Economy ‘bright’ as workers clock more overtime

Workers at Japanese manufacturers averaged 13.4 hours of overtime in August, up 11 percent from a year earlier for the fourth consecutive monthly rise, the Health, Labor and Welfare Ministry said Monday in a preliminary report.

“Bright signs are seen for the economy as production activity is gaining momentum,” a ministry official said, “although the overtime increase is partly attributable to a fall in the number of employees.”

Overtime work in the manufacturing sector is seen as a key indicator of economic activity.

Average overtime hours for all industries, including manufacturers, rose 1.5 percent from a year earlier to 9.2 hours, up for the second straight month, according to the report, which is based on a survey of companies with at least five workers.

The average nonregular pay, including overtime pay, in all industries rose 0.8 percent to 17,340 yen in August, the survey shows.

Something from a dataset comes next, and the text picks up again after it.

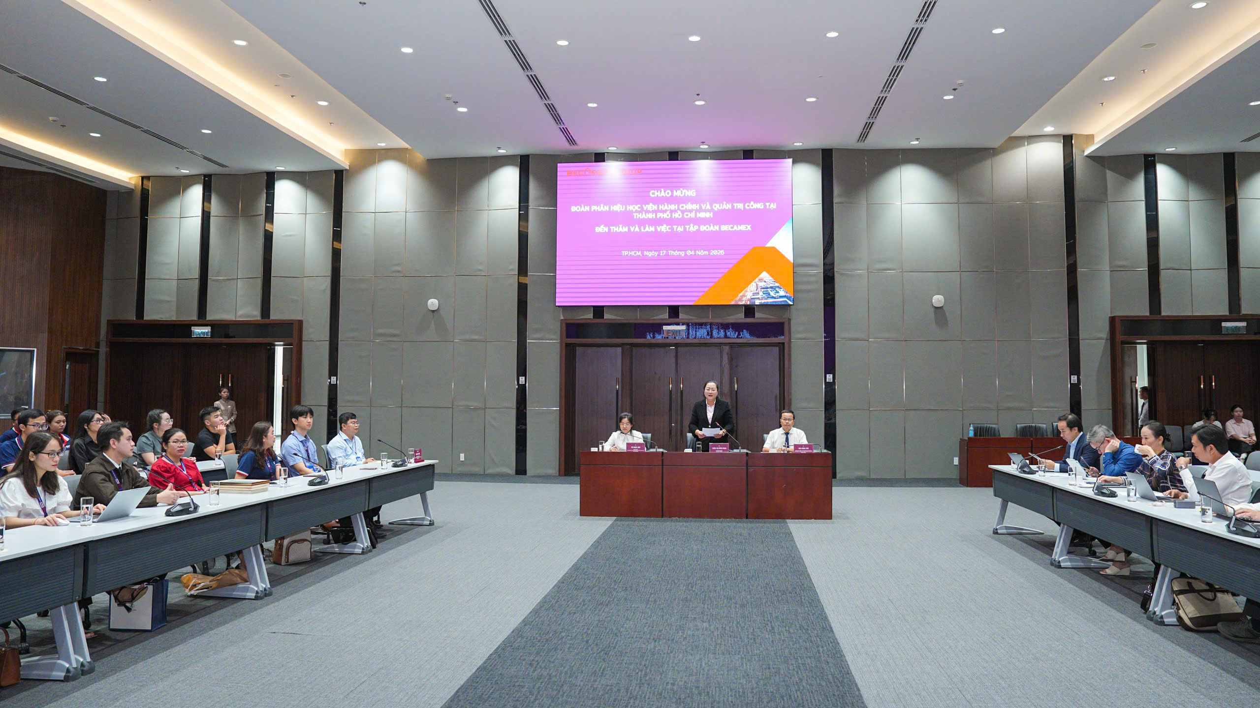 Tại buổi làm việc, đoàn đã được tìm hiểu tổng quan về quá trình hình thành và phát triển của Tập đoàn Becamex, tham quan hệ sinh thái công nghiệp - khoa học công nghệ - đổi mới sáng tạo, đồng thời trao đổi nhiều nội dung thiết thực liên quan đến chiến lược nâng cao hiệu quả nền hành chính công, tác động của cải cách hành chính và hội nhập quốc tế đối với doanh nghiệp trong bối cảnh hiện nay. Đây là những nội dung có giá trị thực tiễn sâu sắc, góp phần gắn kết giữa lý luận đào tạo với yêu cầu phát triển của xã hội và nền kinh tế.

But the average regular wage fell 0.8 percent to 260,948 yen, bringing the average overall wage down 0.7 percent to 278,288 yen.

The average for bonuses and other special payments plunged 30.6 percent to 20,180 yen, marking the biggest decline on a preliminary basis since the ministry began the survey in January 1990.

The average overall pay, including bonuses and other special payments, fell to 298,468 yen, down 3.7 percent.